A few basic rules exist to minimise network losses. The first rule is to design the network system in such a way that power lines to large consumers are as direct as possible. The second basic rule is to reduce the number of transformation steps, since transformers account for almost half of network losses. For the same reason, high efficiency distribution transformers can make a large difference.
Not all losses are controllable and not every loss reduction is justifiable. The higher the load on a power line, the higher its variable losses. This means that a trade-off should be made between load and losses. Investments in new capacity could in some cases be justified by the reduced cost of losses. The appropriate tool for such an investment decision is Life Cycle Costing (LCC). It has been suggested that the optimal average utilisation rate of distribution network cables should be as low as 30% if the cost of losses is taken into account.
A similar reasoning accounts for the cross-section of lines and cables: the higher the cross-section, the lower the losses. An optimum balance between investment cost and network losses should be aimed for.
Network efficiency is related to Power Quality by the fact that harmonic currents increase losses. Though certainly not negligible, losses due to harmonics are only a small part of the overall network losses. On the average, harmonics in European networks are responsible for about 3% of the network losses (a loss of 0.2% of the load).
Loss-optimised network design also lowers network impedance, and hence has a positive impact on supply quality.
A discrepancy can be observed between the way EU policies are treating generation and end-use efficiency at one site, and network efficiency at the other. The current tariff systems in most countries are not favouring network efficiency. Most participants in the Discussion Webinar agreed on the fact that improving regulation is key to changing this situation and making European electricity networks more efficient.
In several European countries (France, Poland, Spain, Germany…), there is a price cap on the network tariff, in which the term for network losses is not included. This means that the cost of network losses can be entirely charged through to the customer. This tariff system produces a strong disincentive for investing in network efficiency. The price cap prevents network operators from accumulating sufficient cash for efficiency investments, while the lack of a price cap on network losses makes such investments completely useless – the network operator does not have to pay for the losses anyway.
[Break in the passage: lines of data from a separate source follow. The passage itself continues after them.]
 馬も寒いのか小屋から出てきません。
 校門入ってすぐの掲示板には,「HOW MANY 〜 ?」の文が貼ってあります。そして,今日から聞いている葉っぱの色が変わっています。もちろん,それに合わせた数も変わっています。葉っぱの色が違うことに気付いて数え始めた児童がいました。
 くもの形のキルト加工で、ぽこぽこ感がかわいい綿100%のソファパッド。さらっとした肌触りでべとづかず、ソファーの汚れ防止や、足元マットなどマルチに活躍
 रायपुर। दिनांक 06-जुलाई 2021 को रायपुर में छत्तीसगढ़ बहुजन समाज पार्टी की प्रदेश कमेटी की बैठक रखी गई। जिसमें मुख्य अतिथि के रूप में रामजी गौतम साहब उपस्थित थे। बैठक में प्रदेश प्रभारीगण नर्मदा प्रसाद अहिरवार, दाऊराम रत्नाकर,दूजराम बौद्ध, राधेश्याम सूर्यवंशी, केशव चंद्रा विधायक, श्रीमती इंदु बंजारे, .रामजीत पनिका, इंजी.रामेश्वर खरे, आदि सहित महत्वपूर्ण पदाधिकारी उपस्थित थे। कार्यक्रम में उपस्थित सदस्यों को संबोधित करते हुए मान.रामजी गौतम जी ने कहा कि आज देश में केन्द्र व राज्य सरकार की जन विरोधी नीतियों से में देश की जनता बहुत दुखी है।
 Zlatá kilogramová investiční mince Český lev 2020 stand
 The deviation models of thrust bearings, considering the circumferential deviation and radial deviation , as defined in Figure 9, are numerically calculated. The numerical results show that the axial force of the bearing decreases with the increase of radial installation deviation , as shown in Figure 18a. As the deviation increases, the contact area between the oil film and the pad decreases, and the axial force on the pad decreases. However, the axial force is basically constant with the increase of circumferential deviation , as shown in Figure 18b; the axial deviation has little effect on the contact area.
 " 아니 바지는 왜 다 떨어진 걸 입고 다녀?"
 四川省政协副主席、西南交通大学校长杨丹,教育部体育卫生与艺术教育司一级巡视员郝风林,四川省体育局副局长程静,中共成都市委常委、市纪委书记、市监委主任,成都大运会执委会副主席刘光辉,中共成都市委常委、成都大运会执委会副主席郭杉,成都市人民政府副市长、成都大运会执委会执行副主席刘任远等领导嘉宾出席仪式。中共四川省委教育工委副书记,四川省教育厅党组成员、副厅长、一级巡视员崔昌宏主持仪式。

In other European countries, maximum values are set for the amount of network losses that can be charged through. This forces network operators to prevent losses from increasing, but it does not yet stimulate them to reduce losses.
The only real regulatory efforts to reduce network losses so far have been carried out by Estonia and the UK. In Estonia, the maximum network loss that can be charged through is reduced every year by 1% of the total load. In the UK, the losses that exceed a certain target rate are penalised to the distribution network operator by £48/MWh.
The EU is increasingly conscious of the fact that there are too few incentives to improve network efficiency. Consequently, this point was addressed in the EU energy efficiency action plan. This might be a sign that the awareness among policy makers has been raised, but it will be critical to make things happen as soon as possible. There is an opportunity for change at the moment, since large investments in the network system are to be made in the forthcoming decade.
It is often believed that distributed generation (DG) systems in any case reduce network losses. Detailed studies prove that the reality is not so simple. As a general rule, one could say that distributed generation systems only reduce network losses if their energy is consumed locally. As a result, in urban or densely populated areas, where energy consumption is high, DG units do indeed reduce network losses. In rural areas, however, the electricity consumption close to the point of generation is small. Consequently, network losses are reduced in cases of small penetration of DG systems, but increase again with rising DG penetration. In the last case, the generated power has to be transported to the closest centre of consumption, bringing along network losses again.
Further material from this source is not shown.